Capítulo II – A Trajetória da Assistência Social na Estrutura do Sistema de

1. Assistência Social Pública : A emergência no contexto da questão

Um dos desdobramentos da questão social no Brasil foi gerado no meio rural e os equacionamentos foram sendo feitos visando a grande propriedade. A diferença marcante fica por conta da tardia abolição da escravatura - feita sem qualquer integração da população especialmente pela disponibilidade da mão-de-obra negra que deixa de ser interessante para a classe dominante - e pela intensificação do processo de imigração européia, deixando uma herança social no momento mesmo da industrialização, gerando vários níveis de desigualdade que juntamente com a pobreza, vão se reproduzindo e se avolumando.

Esta reprodução vai mantendo o parâmetro de sociedade desigual que se constrói em cima dos monopólios, primeiro da terra e posteriormente dos monopólios chamados do consumo moderno na época da segunda revolução industrial, caracterizando então um traço de persistência, como nos mostra Henrique (1999), que faz parte de nossa herança. Ou seja,

o monopólio da terra está no centro da miséria rural e teve largas conseqüências na pobreza do mundo urbano, especialmente porque não houve uma estrutura agrária que tenha democratizado a estrutura de reprodução e, além da ausência de um sistema de proteção social, o poder econômico foi reforçado para os donos da terra com a modernização conservadora.

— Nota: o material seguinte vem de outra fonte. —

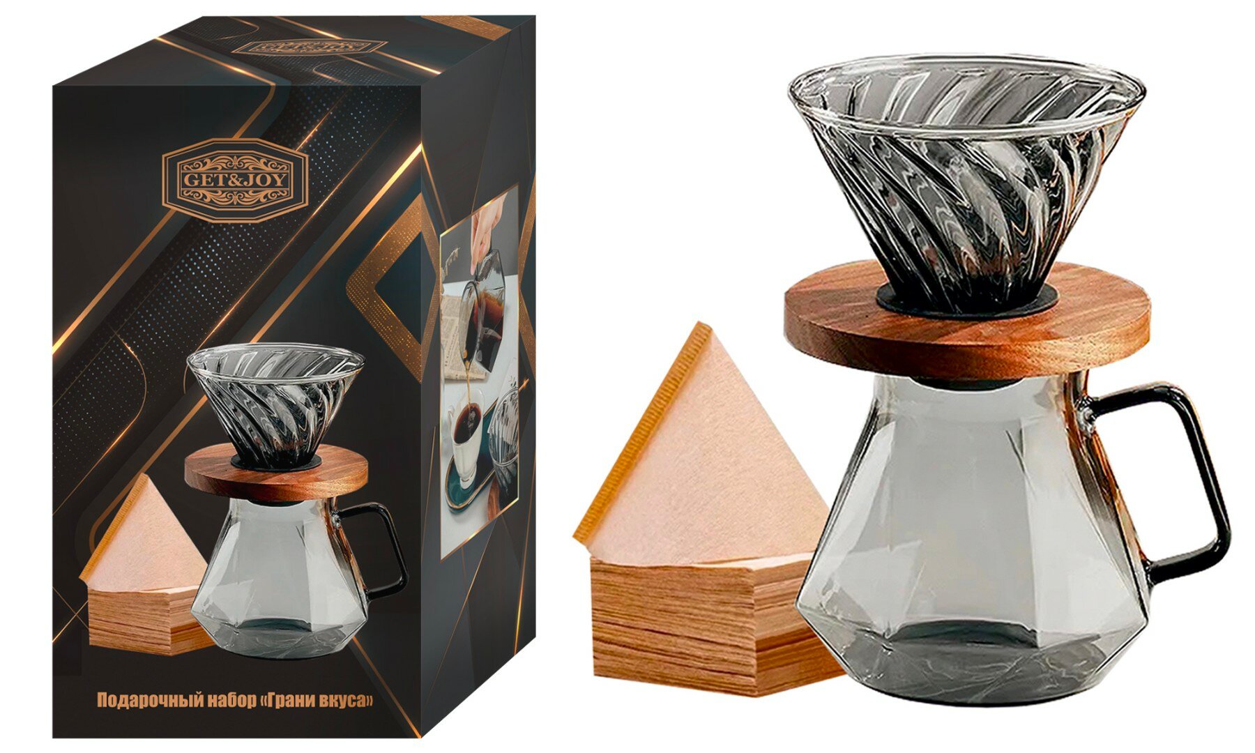 Набор для приготовления кофе - Пуровер, Грани Вкуса, стекло, дерево. интересное:

A exclusão do campo reproduz a pobreza e a miséria pela abundante disponibilidade de mão-de-obra no mercado urbano, gerando grandes demandas sociais, configurando a evolução da questão social e a necessidade de inserção do Estado se dando no cenário da constituição do mercado de trabalho nos principais centros urbanos, especialmente pela luta do operariado denunciando a exploração a que eram submetidos e o caráter secundarizado do trabalho. Este cenário fertilizou um campo propício para a emergência do serviço social na década de 30, cujo desenvolvimento, em sua gênese, voltou-se para o controle social da força de trabalho, imperativo para a garantia da manutenção da ordem pública25. Assim, o

surgimento do serviço social, como um departamento da Ação Social Católica, se deu no bojo do enfrentamento da questão social com a expansão do proletariado, como mecanismo de alívio dos problemas sociais, peculiares ao início da industrialização no nosso país. Dito de outra forma, a origem da assistência social esteve imbricada e assentada no desenvolvimento capitalista industrial e na expansão urbana, razão pela qual os fenômenos da questão social, passaram a ser sua base de atuação26.

Em face da ausência do Estado e de sua incapacidade de implementar políticas sociais eficazes, a repressão policial e as ações assistenciais (caridade) assentadas nos princípios da Igreja Católica, foram as respostas oferecidas para a efetivação de um almejado controle social.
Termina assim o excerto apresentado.